Siemens starts construction on German 'green' hydrogen plant

Article by Amanda Jasi

Ralf Thomas, CFO of Siemens, at the ground breaking for the Wunsiedel, Germany ‘green’ hydrogen plant

SIEMENS has started construction of an 8.75 MW “green” hydrogen plant in Germany, that is expected to serve as a model for the nation.

The planned facility will produce 1,350 t/y of carbon-free or green hydrogen, generated via electrolysis using renewable energy sources such as solar or wind power. Water electrolysis is a process used to split water into hydrogen and oxygen using electricity. The plant will use a Siemens Energy advanced electrolyser for this process.

The generated hydrogen will be used in transport and by industry, allowing for carbon dioxide savings of up to 13,500 t/y.

The plant will be constructed at the Wunsiedel Energy Park in Wunsiedel, Bavaria, Germany and connected to an existing Siemens battery storage facility and adjacent industrial enterprises. These could use waste heat, or the oxygen split off during electrolysis. The connected infrastructure will serve as a model for Germany.

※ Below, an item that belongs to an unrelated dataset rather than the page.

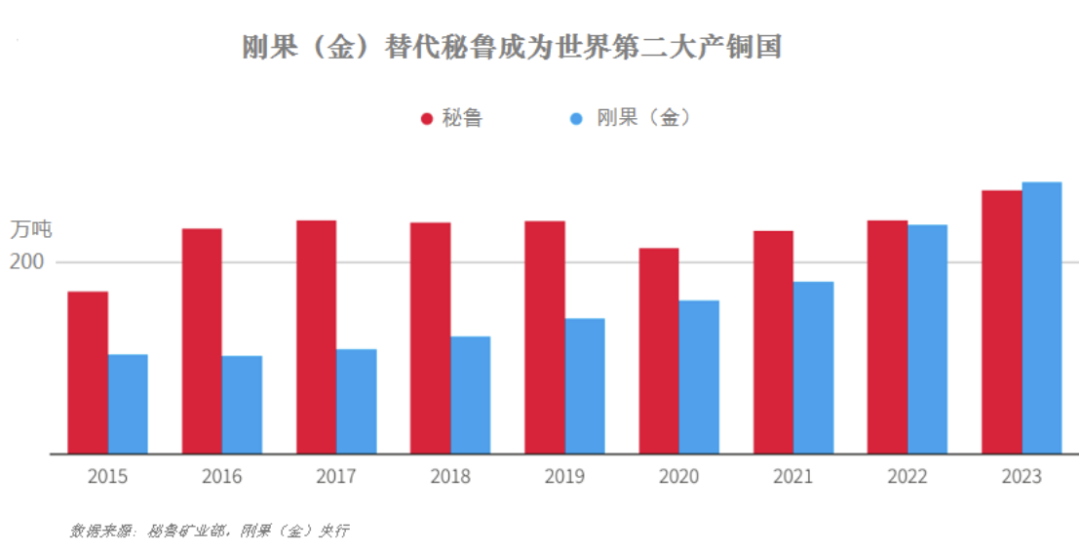 近年來,非洲加丹加銅鈷礦帶成為全球銅礦矚目的焦點,尤其剛果(金),是近十年全球銅礦產(chǎn)量增長最快的國家,2023年已超過秘魯成為全球第二大產(chǎn)銅國,加之地處非洲中部,剛果(金)也有了“非洲心臟”之稱。

Hydrogen will be delivered via truck trailers to local and regional end customers.

The plant is expected to help alleviate grid bottlenecks and provide flexibility for the power grid.

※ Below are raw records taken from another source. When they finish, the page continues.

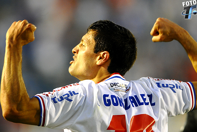 "Nacho" González en el festejo tricolor apretando los puños por el gran triunfo.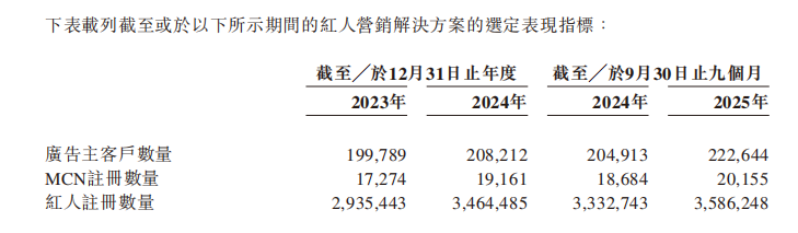据其招股书,公司截至2025年9月30日的广告主客户数量为222644家,MCN注册数量为20155家,红人注册数量为3586248个。由此来看,相较于2023、2024年,其上述指标规模仍在扩大,平台规模仍在扩张。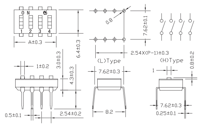 撥碼開關(guān)包裝方式:所有開關(guān)推鈕在包裝時都設(shè)置在" OFF“的位置。

According to Siemens, there is the opportunity to build a public hydrogen filling station for trucks and buses at the same locations allowing for carbon-free heavy goods transportation, as well as regional public transportation. 

Known as the WUN H2 project, the plant will be operated by the company WUN H2. Siemens is acting as the general contractor, and is an investor in the operating company, alongside Riessner Gase and SWW Wunsiedel. Siemens owns 45% of WUN H2.

Operations are scheduled to begin in Q3 of 2022.

Philipp Matthes, Managing Director of the project, said: “WUN H2 is a pilot project for Germany that will demonstrate innovative technology in practice and ultimately prove the feasibility of industrial production of green hydrogen. Our concept is scalable and can easily be transferred to other locations. If every city had its own H2 plant, the energy transition would already be much further along.”

Ralf Thomas, CFO of Siemens said: “Converting our energy supply to new, climate-neutral energy sources is one of the main objectives of the energy transition. Hydrogen plays a key role in this.”

“In this respect, Wunsiedel, with its existing distributed energy system and the use of digital technology, is a lighthouse project for a sustainable energy future.”

Hydrogen is receiving widescale attention as an alternative energy carrier.